Volcanic activity has contributed to the fertility of the soil.  In ancient times as well as the present, Philadelphia is well suited for vineyards.  See our photo below.

Vineyards at Philadelphia. Photo ©Leon Mauldin.

Philadelphia and its environs were prone to earthquake.  Bible and Spade (1976, vol. 5) quotes the Greek geographer Stabo:

…the city Philadelphia [is] ever subject to earthquakes. Incessantly the walls of the houses are cracked, different parts of the city being thus affected at different times. For this reason but few people live in the city, and most of them spend their lives as farmers in the country, since they have a fertile soil. Yet one may be surprised at the few, that they are so fond of the place when their dwellings are so insecure; and one might marvel still more at those who founded the city. (Strabo 13.4.10; trans. Jones)

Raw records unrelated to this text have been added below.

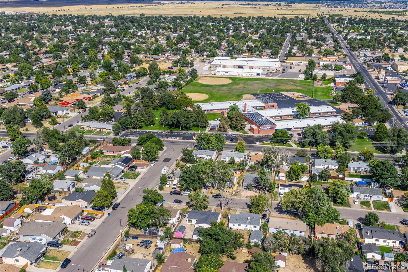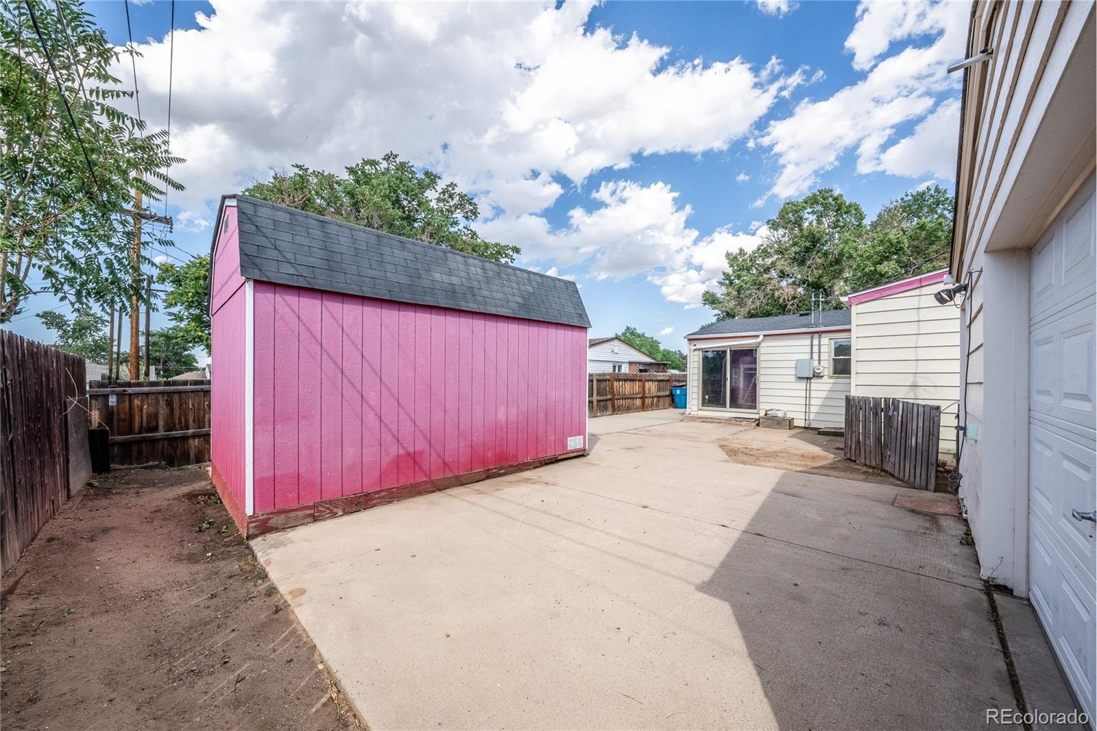 Bring all your vehicles, toys, and projects because this incredible Commerce City ranch-style home is ready for it all! With an oversized 2-car garage, extended driveway, RV/boat parking, and an expansive barn-style storage shed, the property offers exceptional space and versatility outdoors, coupled with a charm filled home for you to relax and unwind. Inside you’ll find 4 bedrooms, including two generously sized back bedrooms. 2 of the bedrooms are carpeted and the other 2 have hardwood floors. The bathroom features a shower/tub combo and vanity. The large living room with hardwood floors opens to a spacious kitchen featuring two-tone cabinets and ample cabinet and counter space. A bonus den adjoins the kitchen and dining area, complete with built-ins and historic details, ideal for a home office, formal dining room, or extra living space. The oversized laundry room offers additional functionality and potential for future expansion. Fresh interior paint, newer water lines, plus newer roofs on both the home and garage provide peace of mind. This home also comes with a transferable and recently renewed Fidelity National Home Warranty as well. All this is set on a fully fenced lot with patio space for entertaining, just minutes from Hwy 2, I-70, I-270, schools, and shopping. A rare find that combines charm, flexibility, and incredible parking/storage options!
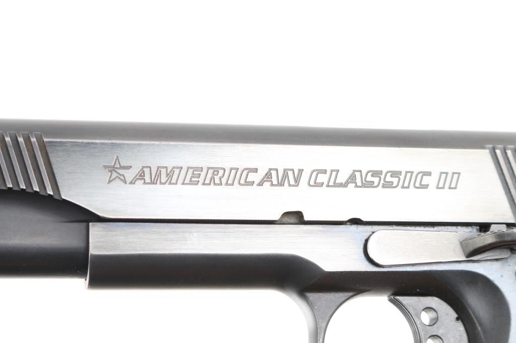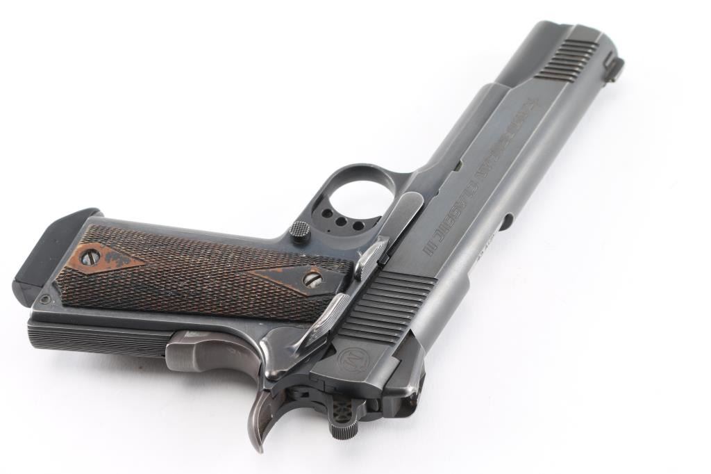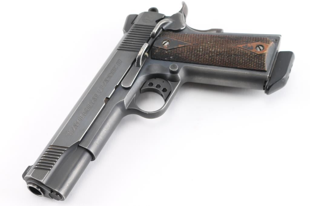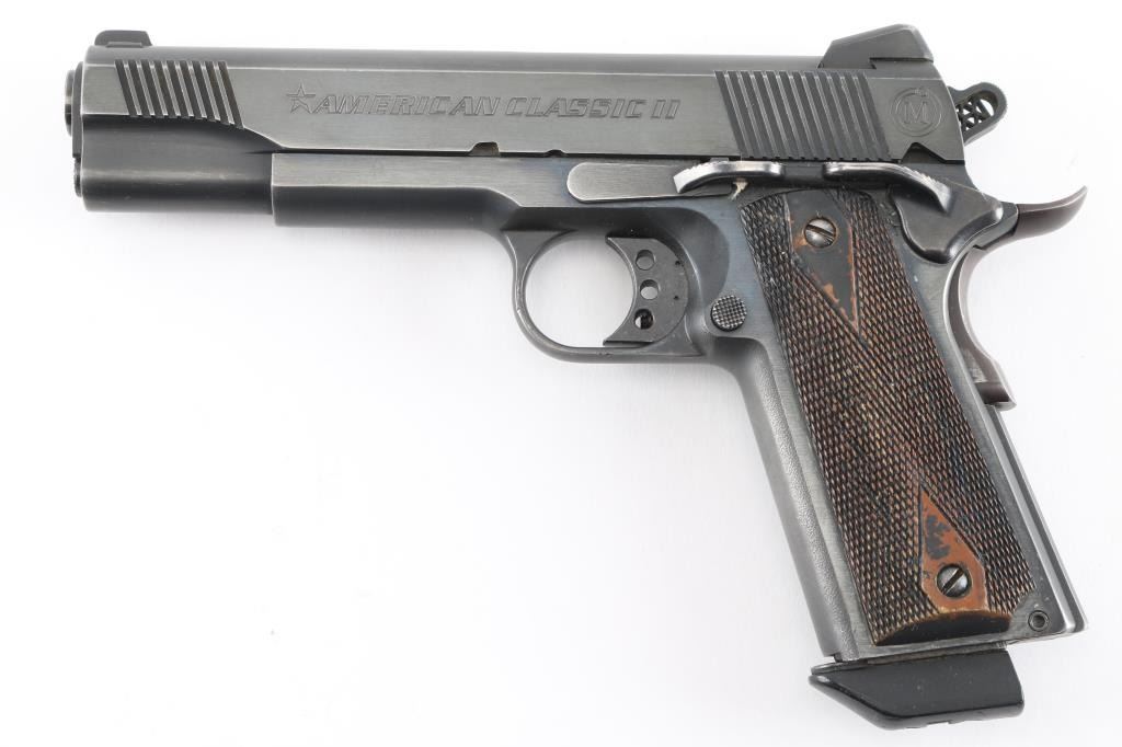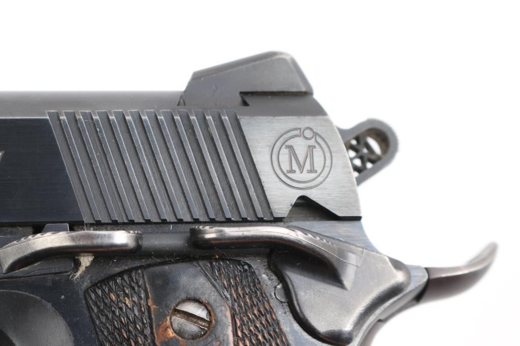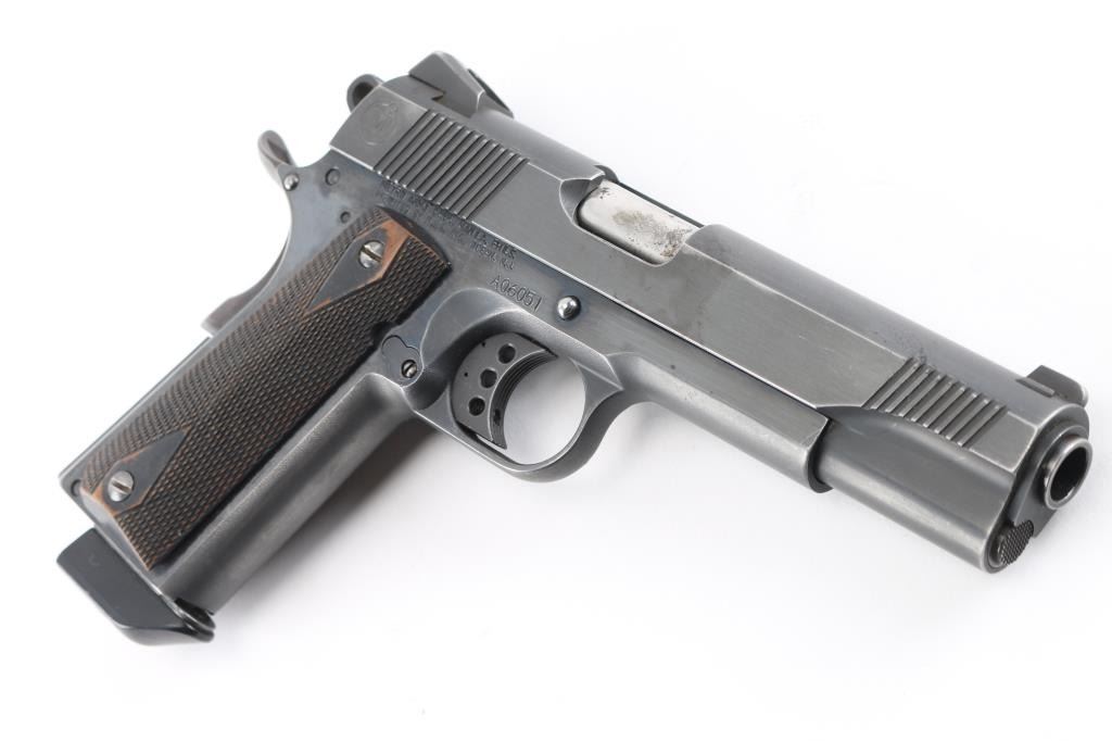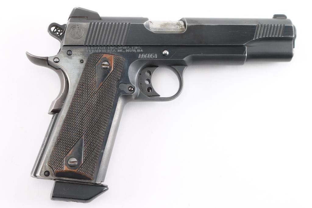SN: A06051. Produced by Metro Arms Corporation, a manufacturer based in the Philippines. imported by R.S.A. Ocean, NJ. M1911 style pistol, 8+1 capacity, blue finish, stainless barrel, dovetailed 3-dot sights, adjustable trigger, skeletonized hammer with "MA" cut into it. Checkered 'diamond' wood grips, beaver tail grip and thumb safeties, serrated, flat mainspring housing. Fore and aft serrations on slide. Bore is excellent/bright, action is smooth, grips are very good, blue is about 90% with handling/edge wear, some minor scratches. Comes with one 8 rd magazine with extended floor plate.
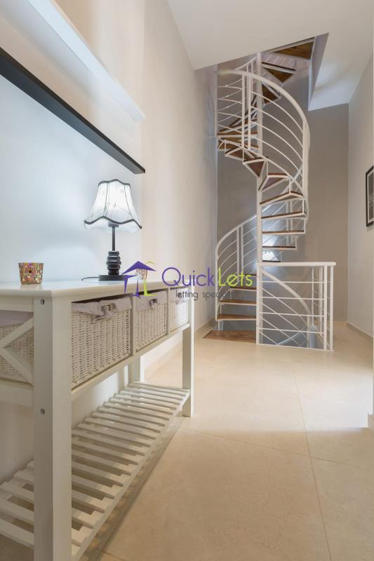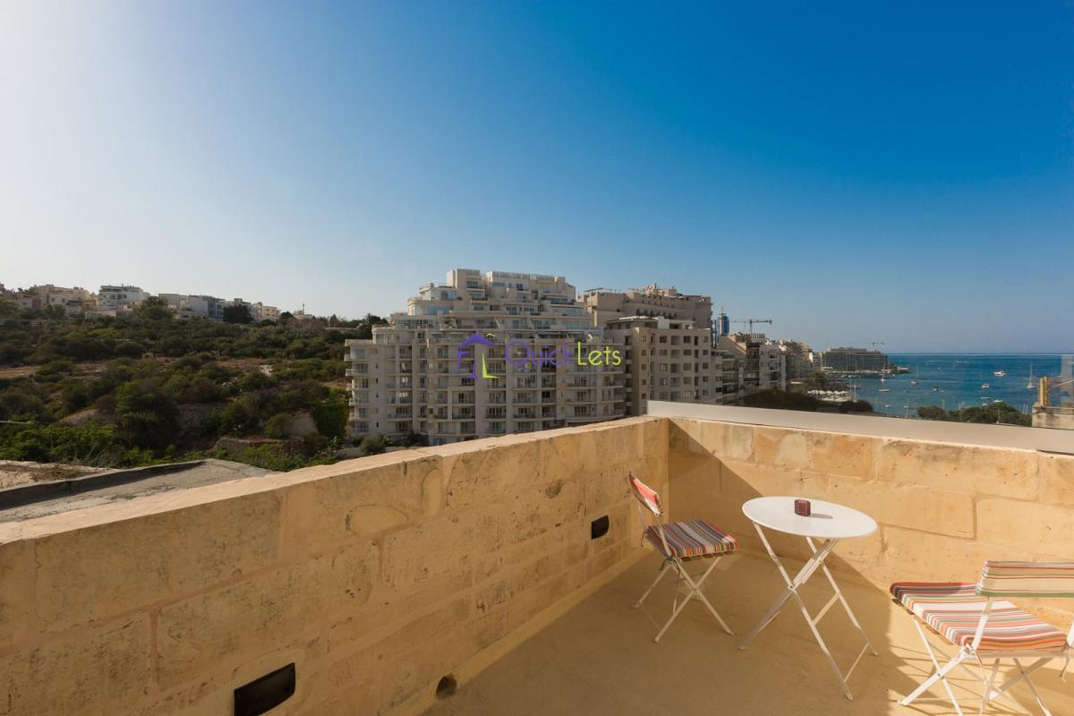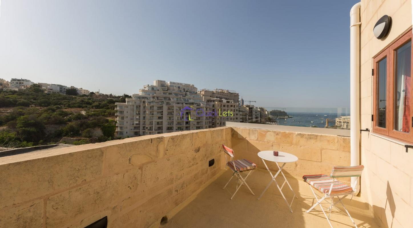 ST. JULIAN'S | Newly renovated Townhouse just of Balluta Bay. Enjoying a great location in a quaint alley. The property is set over three floors. Upon entering at ground level is a comfortable living area, going up a winding staircase to the first floor, having a front balcony and main bedroom with en-suite. Continuing to top floor where one will find a fully equipped kitchen/dining and a spacious terrace to enjoy with stunning views.

At the acropolis one may see a few artifacts of interest, such as this architrave fragment.

Architrave Fragment at Philadelphia. Photo ©Leon Mauldin.

One may also view an ancient wall, as seen in our photo.

Ancient Wall in Philadelphia. Photo ©Leon Mauldin.

A woman walked by in front of that wall.  Apparently she was gathering material for a broom.

Woman with broom materials at Philadelphia. Photo ©Leon Mauldin.

Every ancient city of significance had a theater.  The one at Philadelphia has not been excavated, but its slope and semi-circular form can easily be detected.

Unexcavated Theater at Philadelphia. Photo ©Leon Mauldin.